YOUR OBJECTIVE
Below are entries; repeat exactly, and nothing else, the lines from the one holding "Ahora puedes digitalizar" through the one holding "2017年3月25日,201", inclusive. Leave the pictures out.

DATA TO PROCESS
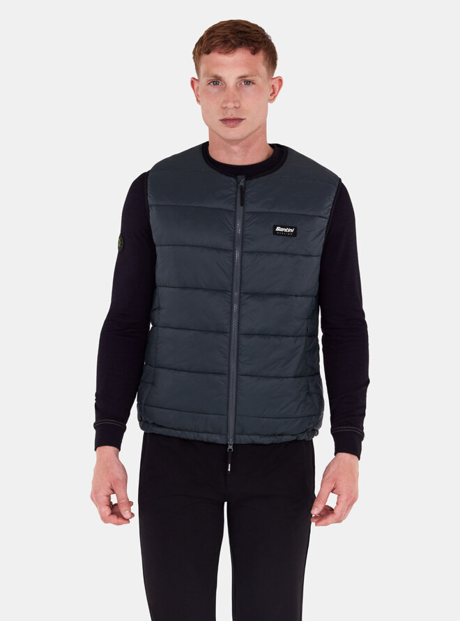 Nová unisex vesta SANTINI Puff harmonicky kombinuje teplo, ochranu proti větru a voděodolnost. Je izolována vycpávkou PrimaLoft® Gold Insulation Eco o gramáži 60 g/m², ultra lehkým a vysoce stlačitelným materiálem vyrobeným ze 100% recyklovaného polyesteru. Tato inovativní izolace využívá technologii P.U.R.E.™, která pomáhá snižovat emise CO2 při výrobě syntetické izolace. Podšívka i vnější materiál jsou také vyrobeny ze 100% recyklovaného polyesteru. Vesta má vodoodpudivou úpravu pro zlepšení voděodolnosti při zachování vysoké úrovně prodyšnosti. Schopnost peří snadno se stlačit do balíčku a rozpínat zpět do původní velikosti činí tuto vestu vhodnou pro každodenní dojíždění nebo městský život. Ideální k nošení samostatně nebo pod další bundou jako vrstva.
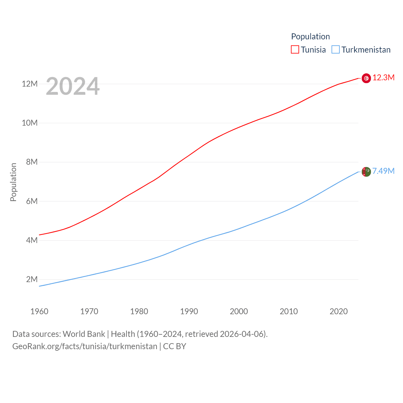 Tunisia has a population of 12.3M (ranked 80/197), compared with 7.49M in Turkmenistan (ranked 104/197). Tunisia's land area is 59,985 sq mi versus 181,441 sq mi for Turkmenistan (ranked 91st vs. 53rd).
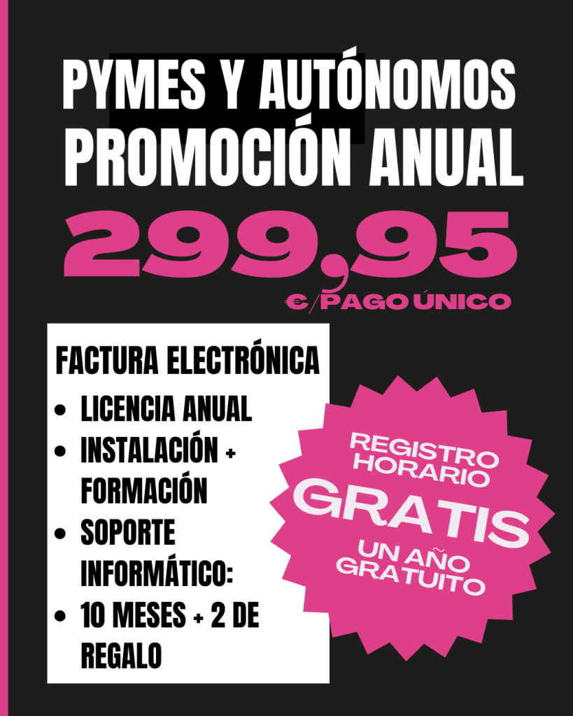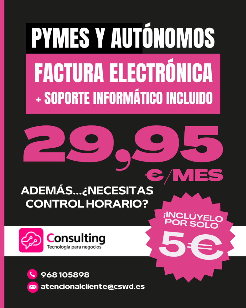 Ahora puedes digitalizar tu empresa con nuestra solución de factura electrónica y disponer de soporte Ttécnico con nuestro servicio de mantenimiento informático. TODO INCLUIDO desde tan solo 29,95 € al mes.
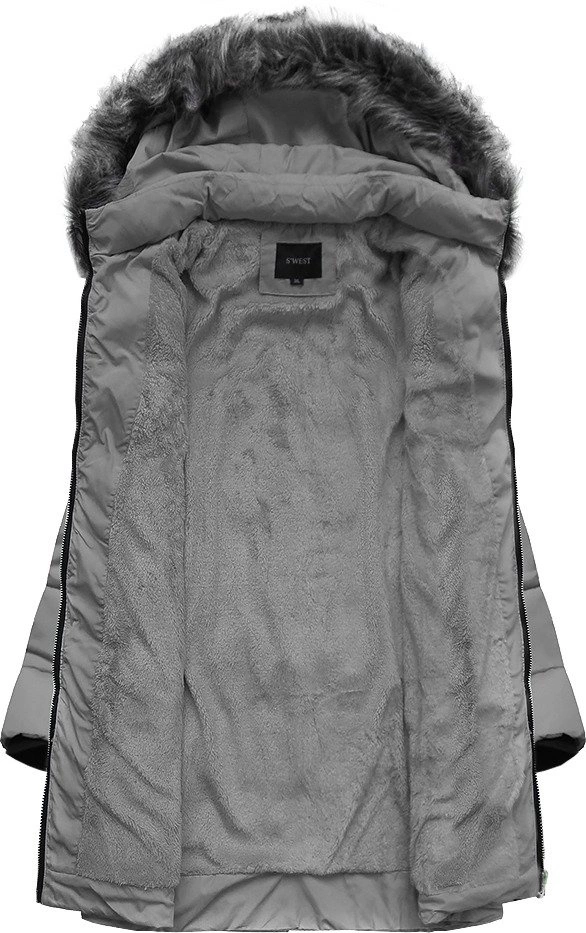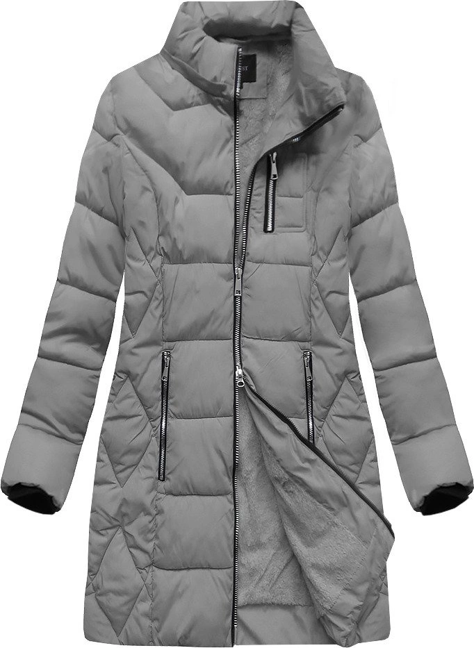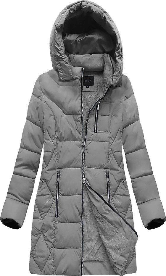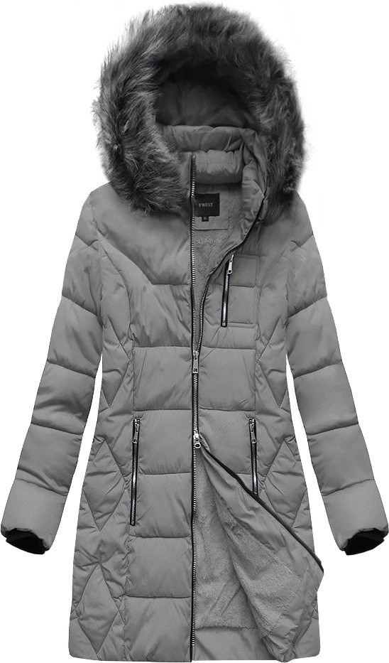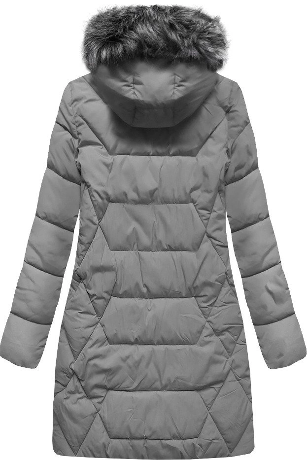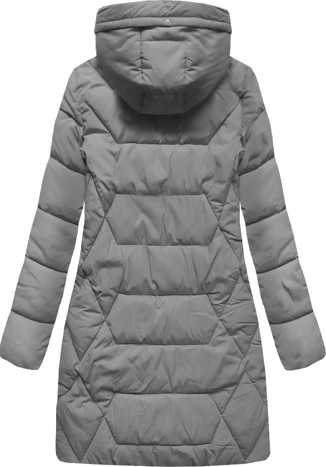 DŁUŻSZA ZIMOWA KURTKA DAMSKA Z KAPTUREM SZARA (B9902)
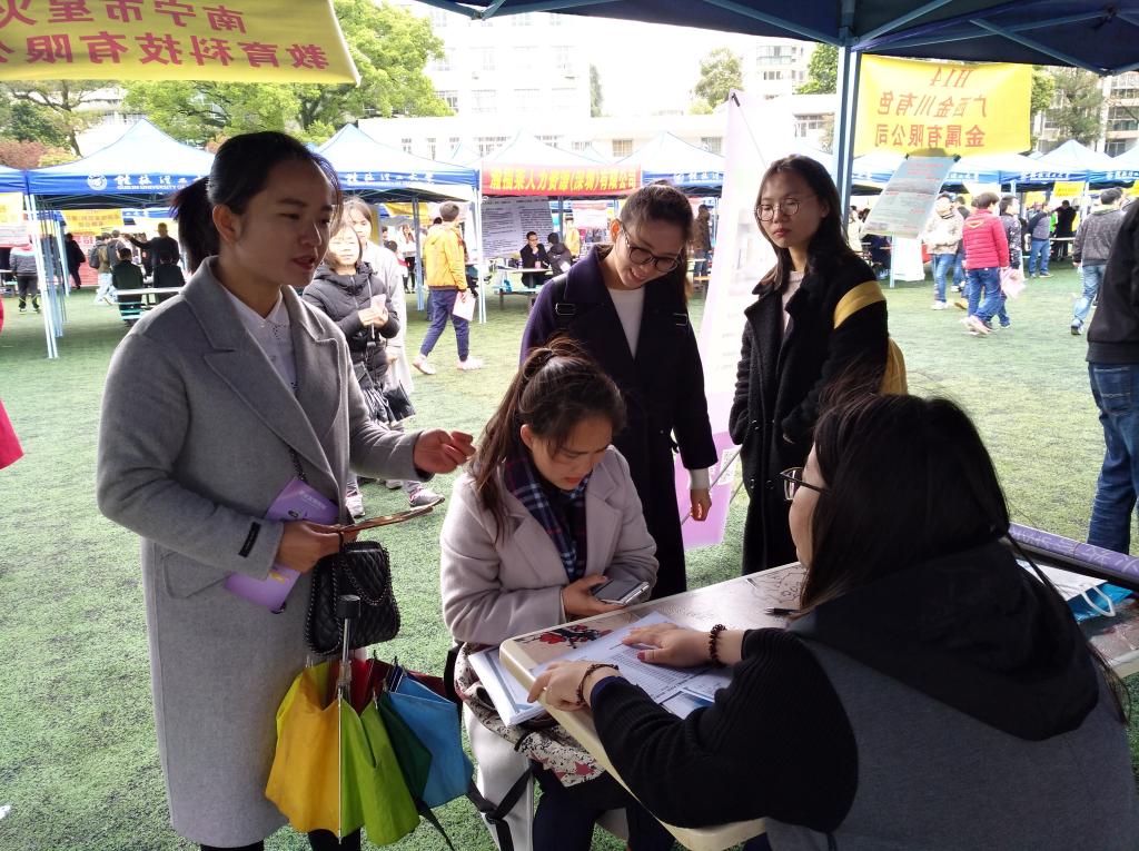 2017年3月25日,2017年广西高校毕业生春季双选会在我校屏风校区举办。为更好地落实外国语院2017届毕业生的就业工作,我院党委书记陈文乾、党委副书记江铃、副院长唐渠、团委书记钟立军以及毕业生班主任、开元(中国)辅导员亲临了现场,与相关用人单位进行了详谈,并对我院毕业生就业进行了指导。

...

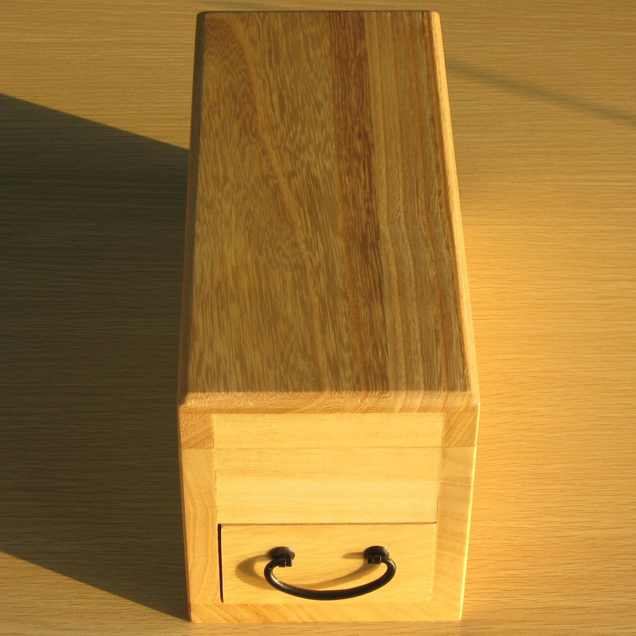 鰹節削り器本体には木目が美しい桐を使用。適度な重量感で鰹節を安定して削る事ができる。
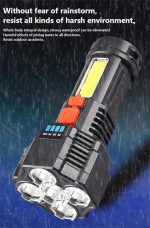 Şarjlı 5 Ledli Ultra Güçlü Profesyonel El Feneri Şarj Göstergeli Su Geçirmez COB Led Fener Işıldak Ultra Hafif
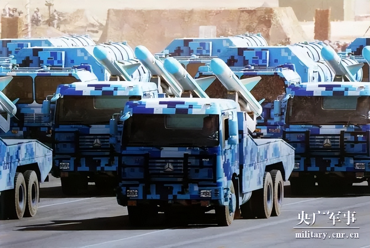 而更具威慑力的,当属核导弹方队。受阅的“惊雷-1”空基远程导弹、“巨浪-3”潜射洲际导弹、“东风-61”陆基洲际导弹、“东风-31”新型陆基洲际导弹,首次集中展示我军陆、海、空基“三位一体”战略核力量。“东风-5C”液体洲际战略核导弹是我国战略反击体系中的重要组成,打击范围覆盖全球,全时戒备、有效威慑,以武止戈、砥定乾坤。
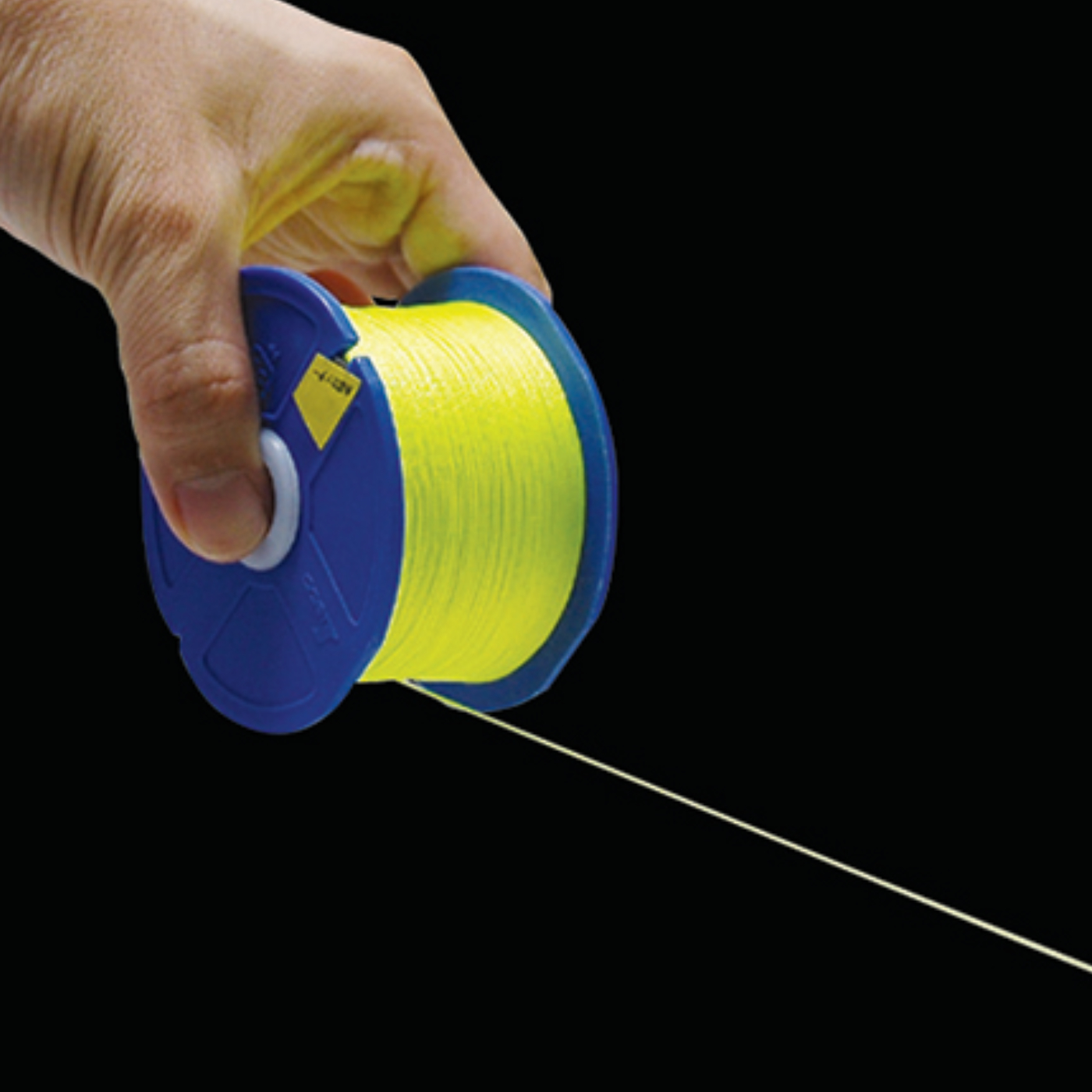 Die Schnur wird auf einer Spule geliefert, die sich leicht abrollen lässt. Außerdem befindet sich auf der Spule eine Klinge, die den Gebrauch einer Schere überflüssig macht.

==

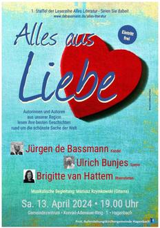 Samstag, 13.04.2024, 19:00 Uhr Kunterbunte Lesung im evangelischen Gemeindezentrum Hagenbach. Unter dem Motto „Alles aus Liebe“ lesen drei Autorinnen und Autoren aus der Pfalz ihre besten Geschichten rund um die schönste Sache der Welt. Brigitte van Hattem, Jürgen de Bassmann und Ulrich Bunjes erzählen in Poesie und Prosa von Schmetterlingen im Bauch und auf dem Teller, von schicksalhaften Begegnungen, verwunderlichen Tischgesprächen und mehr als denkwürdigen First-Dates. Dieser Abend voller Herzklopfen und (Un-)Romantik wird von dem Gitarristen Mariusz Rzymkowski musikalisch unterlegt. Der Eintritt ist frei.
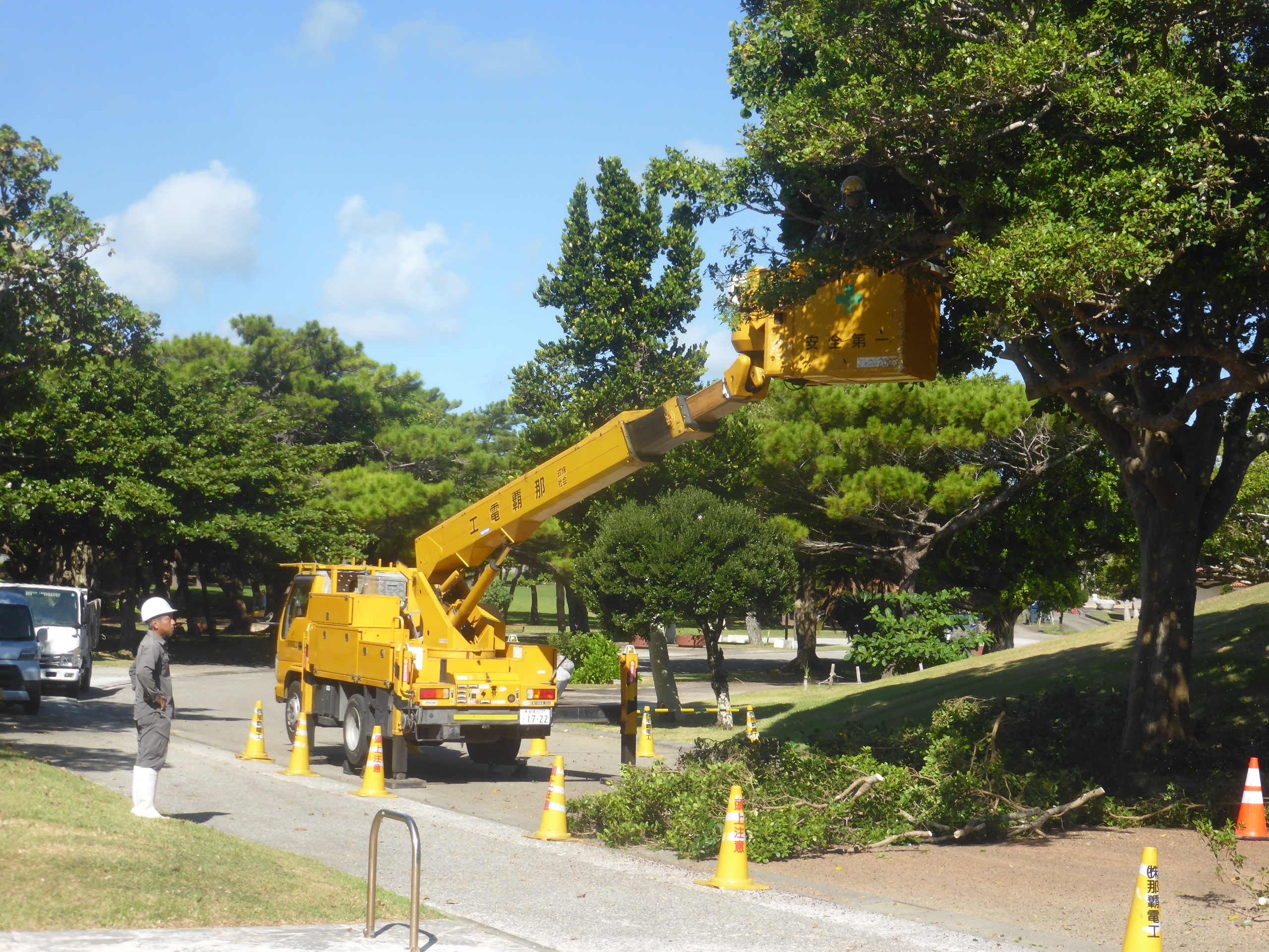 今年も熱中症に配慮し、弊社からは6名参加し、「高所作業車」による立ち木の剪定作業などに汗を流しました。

EXERCISE ANSWER
 Ahora puedes digitalizar tu empresa con nuestra solución de factura electrónica y disponer de soporte Ttécnico con nuestro servicio de mantenimiento informático. TODO INCLUIDO desde tan solo 29,95 € al mes.
 DŁUŻSZA ZIMOWA KURTKA DAMSKA Z KAPTUREM SZARA (B9902)
 2017年3月25日,2017年广西高校毕业生春季双选会在我校屏风校区举办。为更好地落实外国语院2017届毕业生的就业工作,我院党委书记陈文乾、党委副书记江铃、副院长唐渠、团委书记钟立军以及毕业生班主任、开元(中国)辅导员亲临了现场,与相关用人单位进行了详谈,并对我院毕业生就业进行了指导。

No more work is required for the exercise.